Europaparlament startet Prozess für Vertragsänderungen. Das Wichtigste im Überblick
Das Europäische Parlament hat die Arbeit an der Änderung der EU-Verträge aufgenommen. Die Konferenz zur Zukunft Europas hatte zuvor den EU-Institutionen einen klaren Reformauftrag erteilt. Diese Reformvorschläge gilt es nun in entsprechende Vertragsänderungen zu übersetzen. Im Verfassungsausschuss wurde nun ein legislativer Initiativbericht auf den Weg gebracht, der Artikel 48 auslöst und damit das Verfahren für einen Verfassungskonvent startet. Es freut mich sehr diesen Bericht im Namen der Grünen/EFA-Fraktion verhandeln zu dürfen, zusammen mit Guy Verhofstadt (Renew-Liberale), Sven Simon (CDU), Gaby Bischoff (SPD) und Helmut Scholz (Linke).
Um diese Änderungen geht es
Der erste interne Vorschlag folgt den Prioritäten des Parlamentsbeschluss vom 4. Mai.
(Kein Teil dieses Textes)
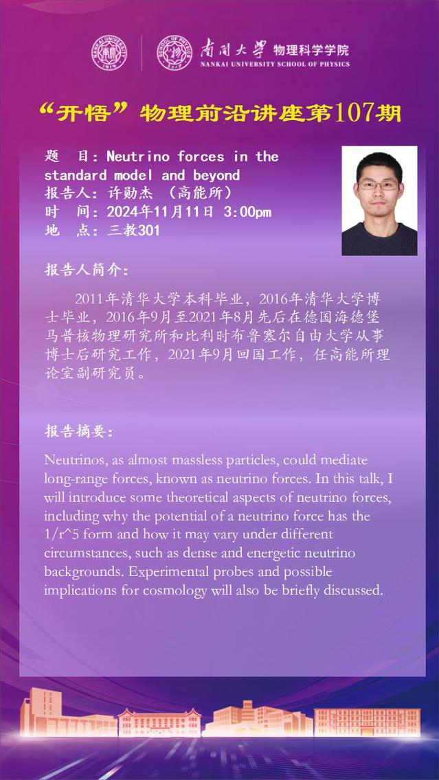 【“开悟”物理前沿讲座 (第107期)】Neutrino forces in the standard model nd beyond

Uns sind dabei besonders wichtig:
- eine möglichst breite Abschaffung der Einstimmigkeit im Rat
- eine Erweiterung der EU-Zuständigkeit für Gesundheit, Energie, Staatsbürgerschaft
- ein echtes Initiativrecht fürs Parlament
- der Schutz des Rechtsstaats und der Grundrechte
- EU-weite Referenden
- die Kodifizierung sozialer Rechte auf EU-Ebene
- Transparenz und Integrität in den EU-Institutionen
Wie geht’s weiter?
Der Bericht wird am 16. oder 20. Juni im Verfassungsausschuss abgestimmt und geht am 22. Juni 2022 in die Plenarabstimmung. Um dann einen Konvent auszulösen bedarf es einer einfachen Mehrheit im Rat (14 von 27 Mitgliedstaaten). Es wäre wünschenswert, dass die entsprechende Abstimmung noch unter französischer Ratspräsidentschaft stattfindet. Es gibt einigen Grund für Optimismus, dass es im Rat zur nötigen einfachen Mehrheit für die Eröffnung eines Konvents über Vertragsänderungen kommen könnte. Nicht nur das Parlament hat sich mit großer Mehrheit dafür ausgesprochen, sondern auch Emmanuel Macron, der wiedergewählte Präsident Frankreichs und Ratsvorsitzende der EU bis Ende Juni.
Verhaltener Optimismus
Zwar sind einige skandinavische und osteuropäische Staaten skeptisch gegenüber Vertragsänderungen, andererseits sind ihnen gerade jetzt Dinge wichtig, die nur ohne nationale Vetos möglich sind: härtere Sanktionen gegen Russland, wie sie Viktor Orban gerade per Veto aufhält, eine Erweiterung der EU Richtung Ukraine, Moldawien, Westbalkan. Auch die integrationsskeptischen Skandinavier haben gerade gezeigt, dass sie angesichts der Bedrohung durch Russland bereit sind, alte Tabus in Frage zu stellen, wie die Anträge auf Nato-Mitgliedschaft durch Schweden und Finnland zeigen.